Allow deeper networks : Padding allows the network to have more convolution layers without reducing the size of feature map too quickly.

Avoids information loss : If we don't have padding so because of convolution layer we will loss our border information, by adding padding we can avoid the information loss.

## 4.Compare and contrast zero-padding and valid-padding in terms of their effects on the output feature map size.

Key Differences

* Definition

Zero-Padding : Adds extra pixels arround the inpute image, especially zeros.

Valid-Padding : No extra pixels are added to inpute feature map.

* Effect on Output Size

Zero-Padding : Keeps the size of output image same as the inpute image.

Valid-Padding : Reduces the size of output image as compare to input image.

* Information Retention 

Zero-Padding : Retains the information from border pixels of feature map.

Valid-Padding : Discards the information from the border and near the border pixels of feature map.

# Exporing LeNet

## 1.Provide a brief overview of LeNet-5 architecture.

* Input Layer:

Accepts a grayscale image of size 32×32pixels.
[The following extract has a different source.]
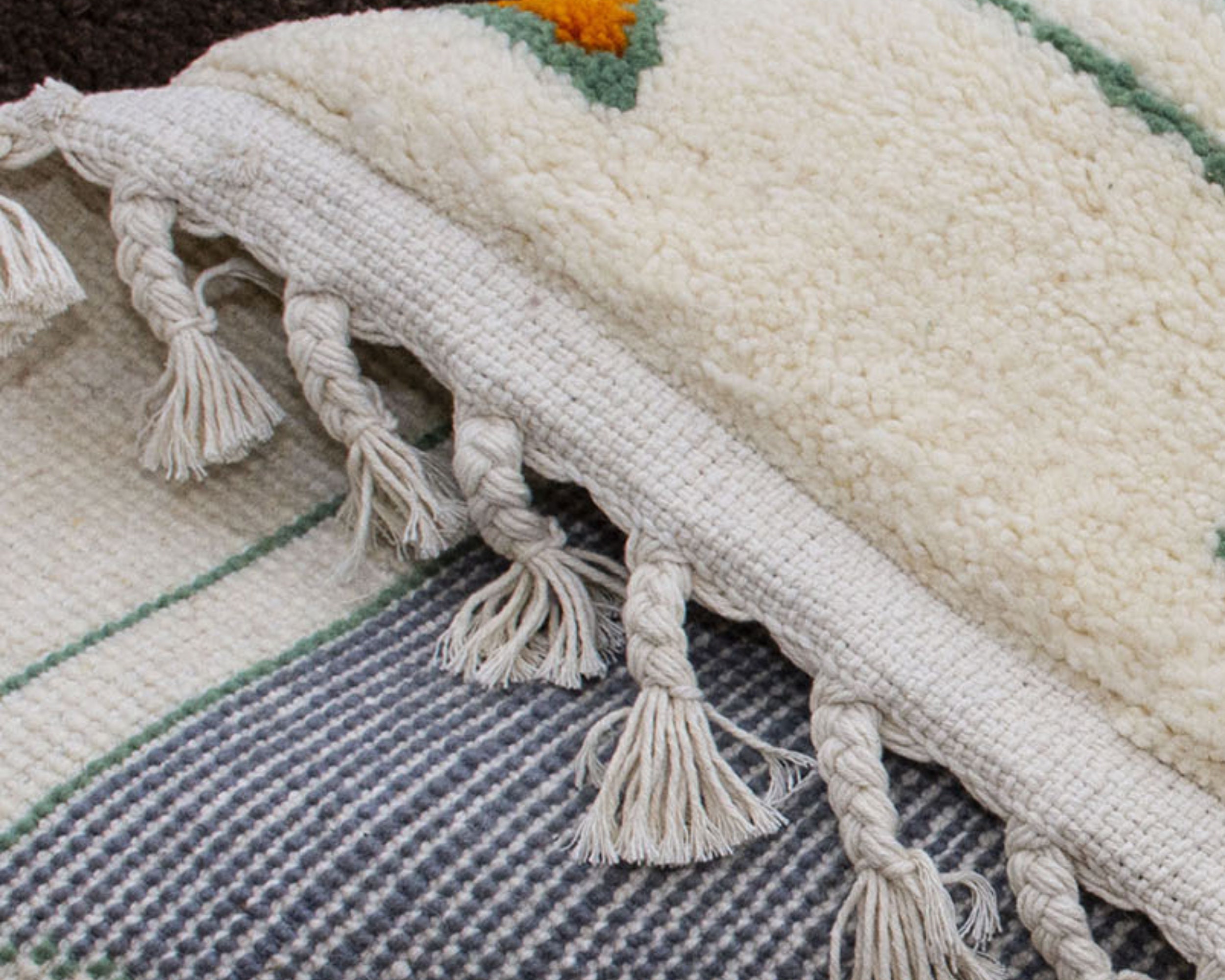 This fabulous Moroccan Rug that will give your room both a cozy feeling and stylish is made from 100% Natural sheep wool, It's Very plush and comfy to walk on, actually It's Heaven for your feet.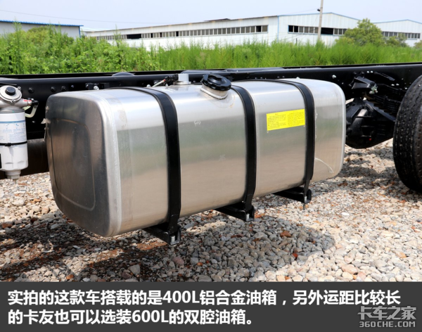 实拍的这款车搭载的是400L铝合金油箱,另外运距比较长的卡友也可以选装600L的双腔油箱。双腔油箱可以加不同标号的柴油,节省燃油成本。

The MNIST dataset images are originally 28×28, so they are zero-padded to match the input size of LeNet-5.

* C1 - First Convolutional Layer:

Applies 6 convolutional filters (kernels) of size 5×5 with a stride of 1, resulting in 6 feature maps of size 28×28(since no padding is used).
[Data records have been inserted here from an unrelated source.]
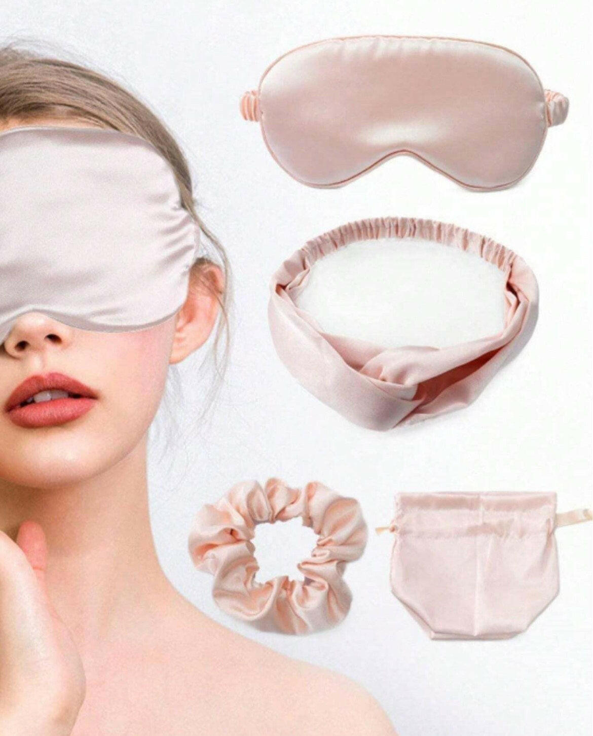 Pink Sleeping Mask Set 4Pcs: Eye mask, headband, scrunchie and a bag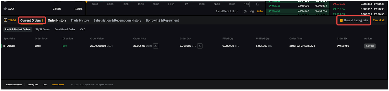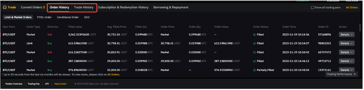 You can switch to the Order History or Trade History tab on the Spot Trading page to view up to 50 records from the last six (6) months. Similar to Current Orders, you can check the Show all trading pairs box to view order history or trade history from all trading pairs.
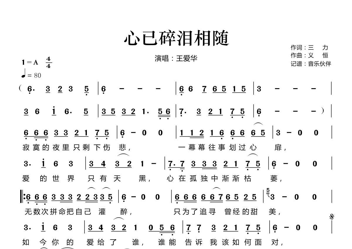 《心已碎泪相随》是王爱华演唱的一首歌曲,拍号为4/4拍,歌曲速度为每分钟80拍,这份简谱共有一张高清图谱,图谱由 @音乐伙伴 编配上传。
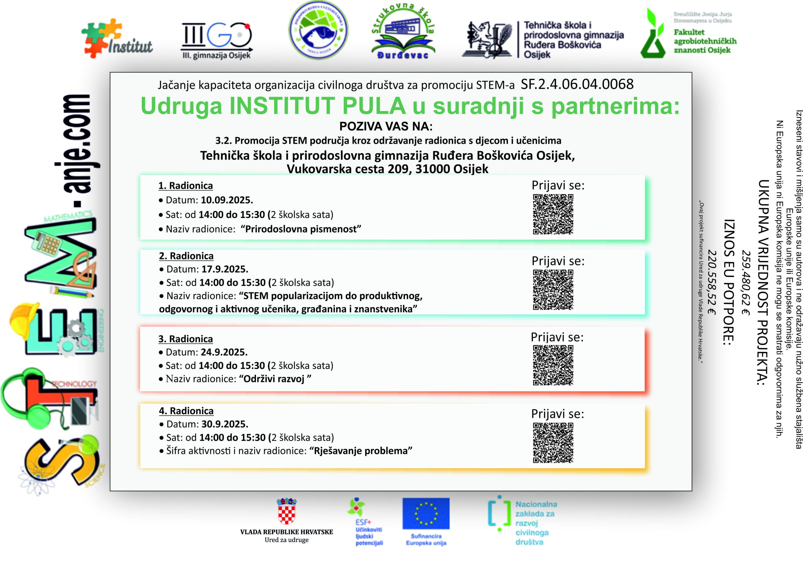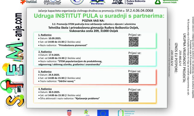 Radionice će se održati u Tehničkoj školi i prirodoslovnoj gimnaziji Ruđera Boškovića Osijek (Vukovarska cesta 209, Osijek), a namijenjene su poticanju prirodoslovne pismenosti, održivog razvoja i rješavanja problema kroz praktične i interaktivne aktivnosti.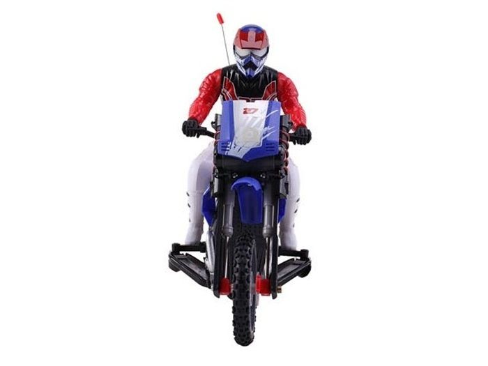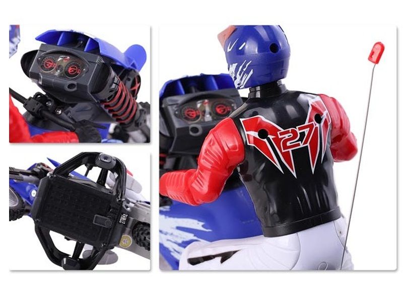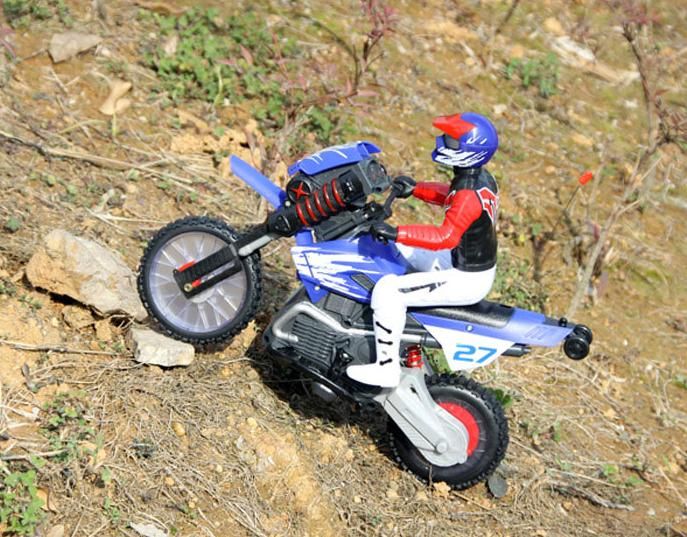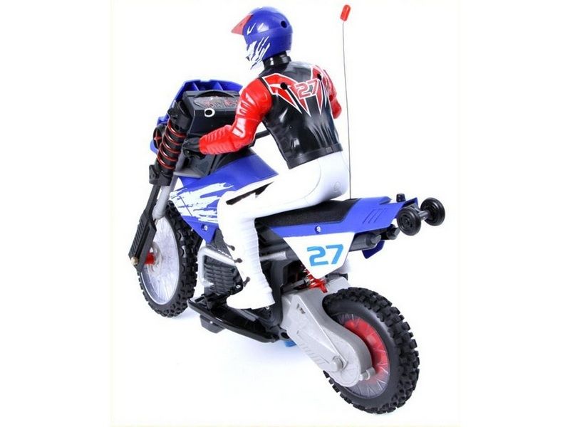 Игрушка оснащёна амортизаторами и передней пневмоподвеской, что позволяет мотоциклу выполнять акробатические трюки: ездить на заднем колесе, совершать кувырок на 360 градусов. Мотоцикл на радиоуправлении очень стабилен благодаря встроенному гироскопу!

Each filter detects different local patterns or features, such as edges or textures.

Activation function: Sigmoid or tanh.

* S2 - First Subsampling (Pooling) Layer:

Averages the values in non-overlapping 2×2 windows using average pooling with a stride of 2, reducing the size of each feature map from 28×28 to 14×14.

The number of feature maps remains the same (6).
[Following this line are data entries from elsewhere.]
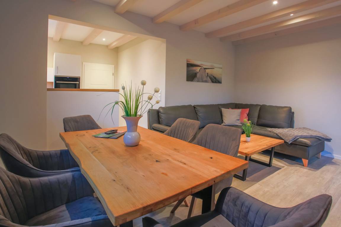 Die offene Küche ist hochwertig ausgestattet mit Induktionsherd, Mikrowelle, Spülmaschine, Kühl-/Gefrierschrank, ausreichend Geschirr und Kochtöpfen sowie vielen nützlichen Kochutensilien.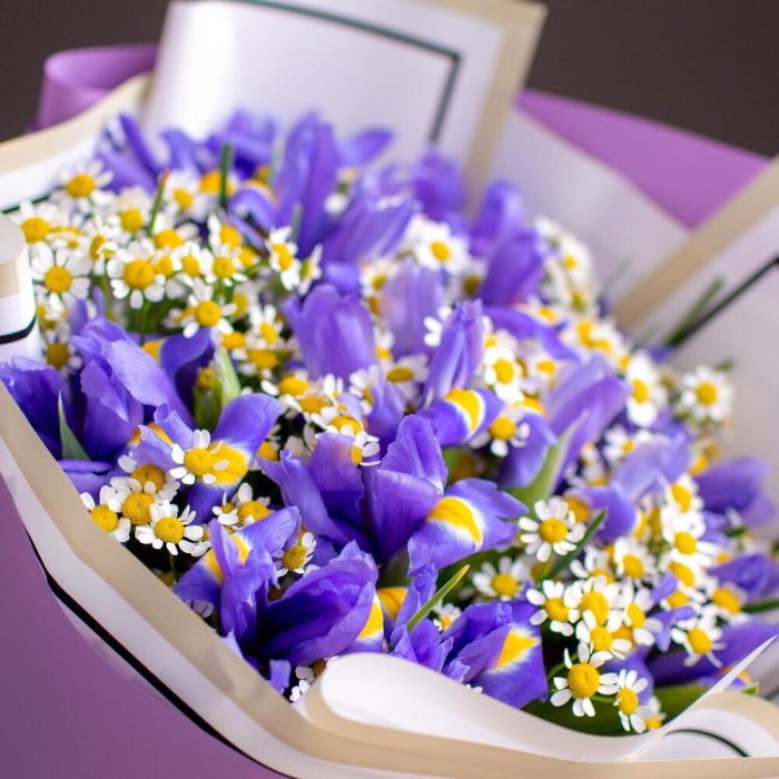 Букет из ирисов и ромашки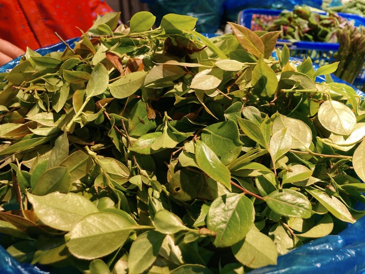 天气暖了,菜场的菜也是日日新。今天去凤起路菜场,发现一家菜摊上摆了一大袋树叶一样的东西。按照我的经验,这但凡能放在菜摊上买的,必然是能吃的东西,赶紧向老板娘请教!老板娘微微一笑,很是耐心解释道:“这就是用来煮乌米饭的乌饭叶!”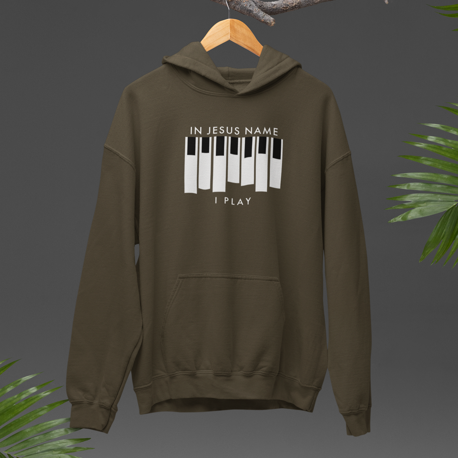 "In Jesus name I Play" unisex Christian hooded sweatshirt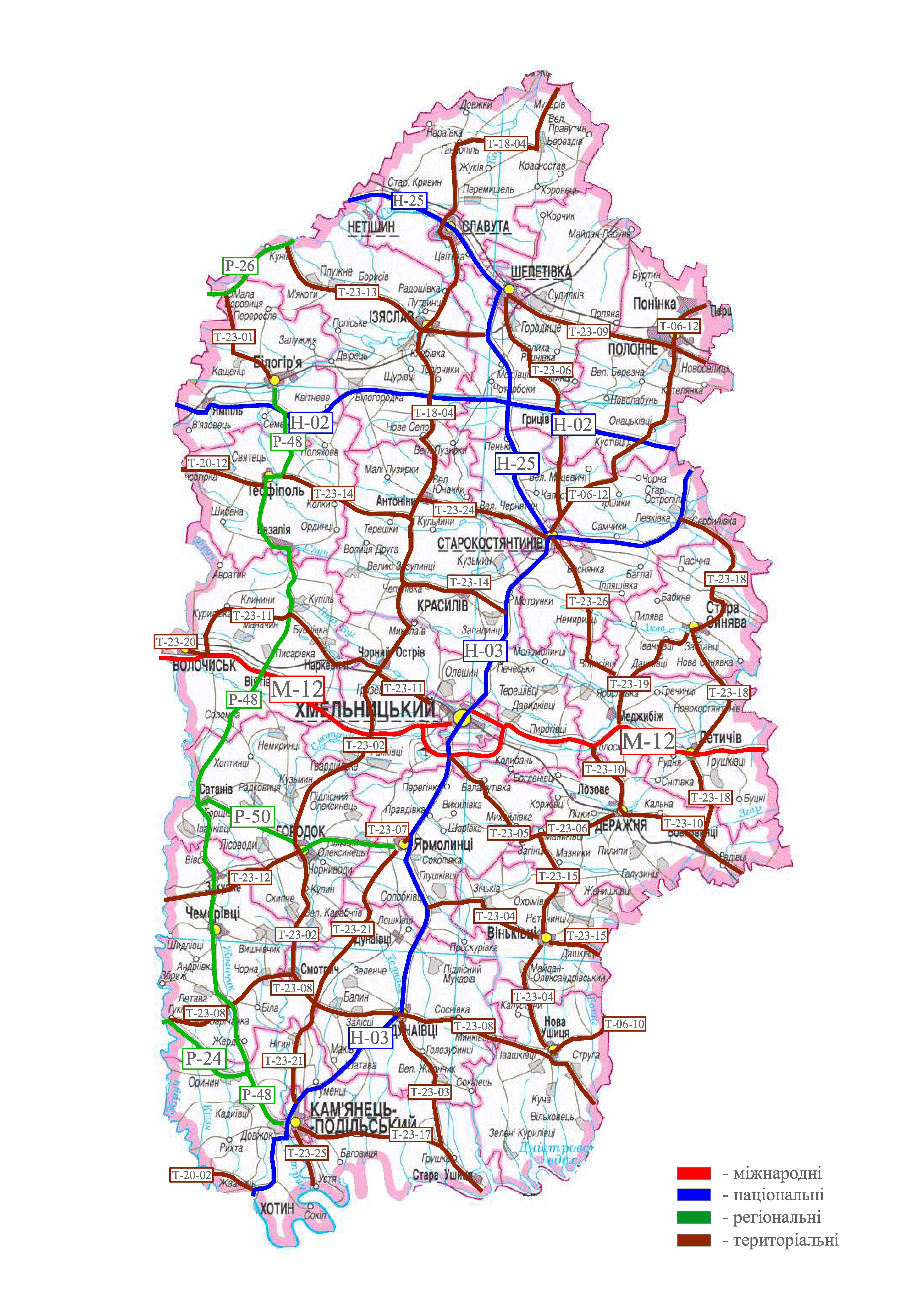 В подчинение Хмельницкой областной государственной администрации отошло 811 автодорог местного значения общей протяженностью 5087,8 км (областные и районные).

Activation function: Sigmoid or tanh.

* C3 - Second Convolutional Layer:

Applies 16 convolutional filters of size 5×5 to the pooled output.

Different filters connect to different subsets of the input feature maps from the previous layer (not all 6 maps), resulting in 16 feature maps of size 10×10.

Activation function: Sigmoid or tanh.

* S4 - Second Subsampling (Pooling) Layer:

Applies average pooling with a 2×2 window and a stride of 2, reducing the feature map size from 10×10 to 5×5.

The number of feature maps remains the same (16).

Activation function: Sigmoid or tanh.

* C5 - Fully Connected Convolutional Layer:

A fully connected layer with 120 units. Each of the 120 neurons is connected to all 400 (16 feature maps of size 5×5 inputs from the previous layer.

This layer uses a set of learnable weights to combine features from the input maps.

Activation function: Sigmoid or tanh.

* F6 - Fully Connected Layer:

A fully connected layer with 84 neurons, where each neuron is connected to all 120 inputs from the previous layer.

Activation function: Sigmoid or tanh.

* Output Layer:

A fully connected layer with 10 neurons, corresponding to the 10 possible digit classes (0-9) for the MNIST dataset.

Activation function: Softmax, which outputs a probability distribution over the 10 classes.

## 2.Describe the key components of LeNet-5 and their respective purposes.

* Input Layer: Takes a grayscale image of size 32×32 pixels as input, typically a zero-padded MNIST digit.

* C1 - First Convolutional Layer: Applies 6 convolutional filters of size 5×5 to extract basic features (e.g., edges, textures). Produces 6 feature maps of size 28×28.

* S2 - First Subsampling (Pooling) Layer: Performs average pooling with a 2×2 window, reducing each feature map size to 14×14 to decrease spatial dimensions and introduce translational invariance.

* C3 - Second Convolutional Layer: Uses 16 convolutional filters of size 5×5 to learn more complex patterns from pooled features. Produces 16 feature maps of size 10×10.

* S4 - Second Subsampling (Pooling) Layer: Further reduces feature map size to 5×5 through average pooling, maintaining the number of feature maps (16) while reducing computational load.

* C5 - Fully Connected Convolutional Layer: A fully connected layer with 120 neurons to combine all previous features into a compact representation.

* F6 - Fully Connected Layer: Has 84 neurons that learn complex combinations of features, bridging to the output.

* Output Layer: A fully connected layer with 10 neurons representing 10 digit classes. Uses Softmax to output class probabilities.

## 3.Discuss the advantages and limitations of LeNet-5 in the context of image classification tasks.

* Advantages

LeNet-5 has a simple and straightforward architecture.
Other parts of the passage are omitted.